» **Requirement**: Starting with the first line below, extract each line through the one that contains "в Новониколаевской школе", inclusive, excluding pictures.
== Provided entries
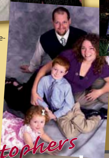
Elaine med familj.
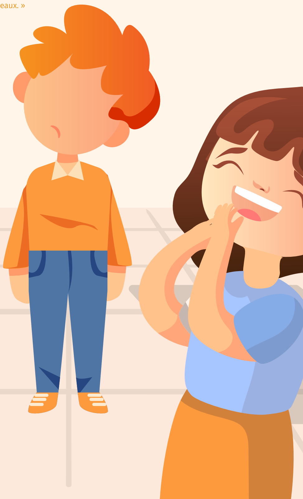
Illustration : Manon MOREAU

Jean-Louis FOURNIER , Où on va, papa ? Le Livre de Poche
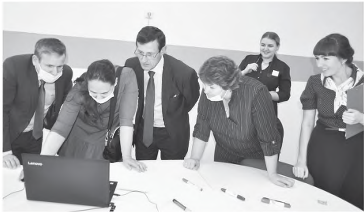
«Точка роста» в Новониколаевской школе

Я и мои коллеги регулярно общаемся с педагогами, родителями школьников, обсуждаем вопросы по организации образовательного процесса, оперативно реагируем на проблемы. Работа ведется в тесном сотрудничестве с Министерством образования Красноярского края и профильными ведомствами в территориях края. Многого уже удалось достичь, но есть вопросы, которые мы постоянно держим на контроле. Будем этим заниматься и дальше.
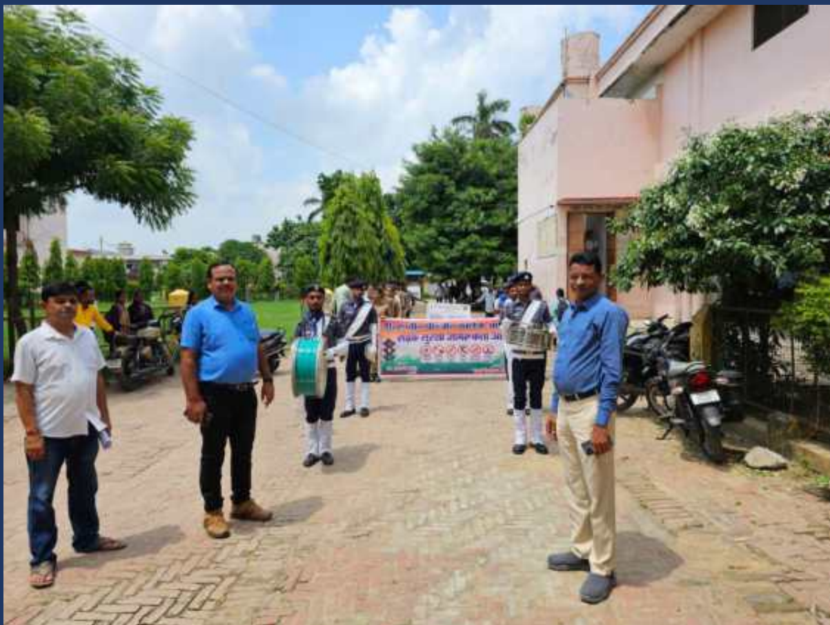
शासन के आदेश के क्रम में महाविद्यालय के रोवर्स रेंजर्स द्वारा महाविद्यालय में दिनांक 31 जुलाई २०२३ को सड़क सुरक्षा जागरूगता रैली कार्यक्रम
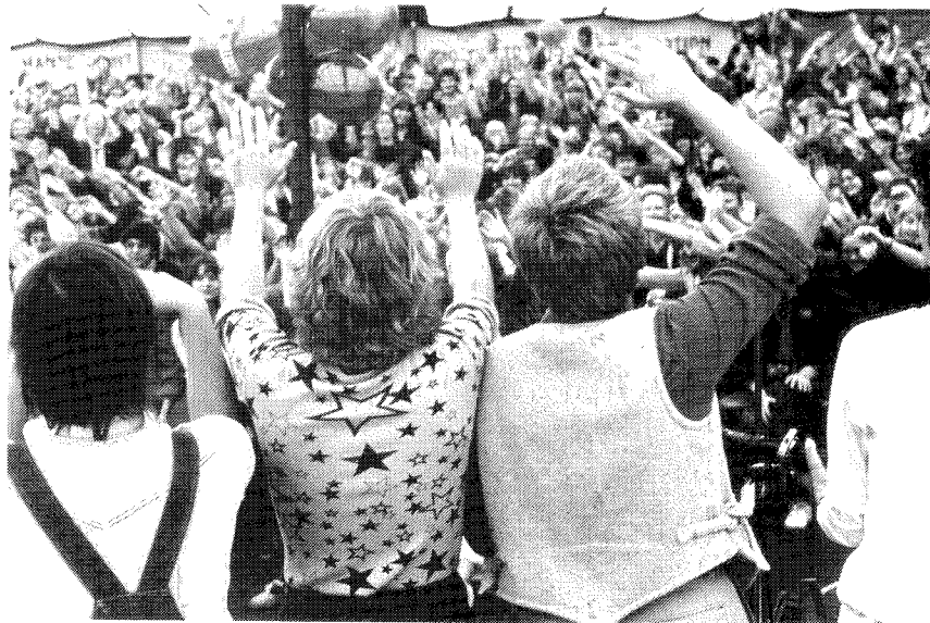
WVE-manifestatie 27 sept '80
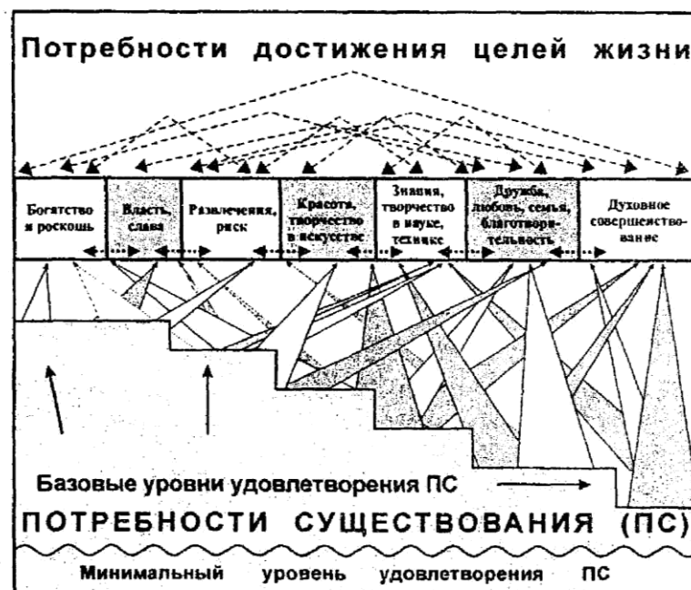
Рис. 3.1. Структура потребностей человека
====
» **Exercise output**:
Elaine med familj.
Illustration : Manon MOREAU

Jean-Louis FOURNIER , Où on va, papa ? Le Livre de Poche
«Точка роста» в Новониколаевской школе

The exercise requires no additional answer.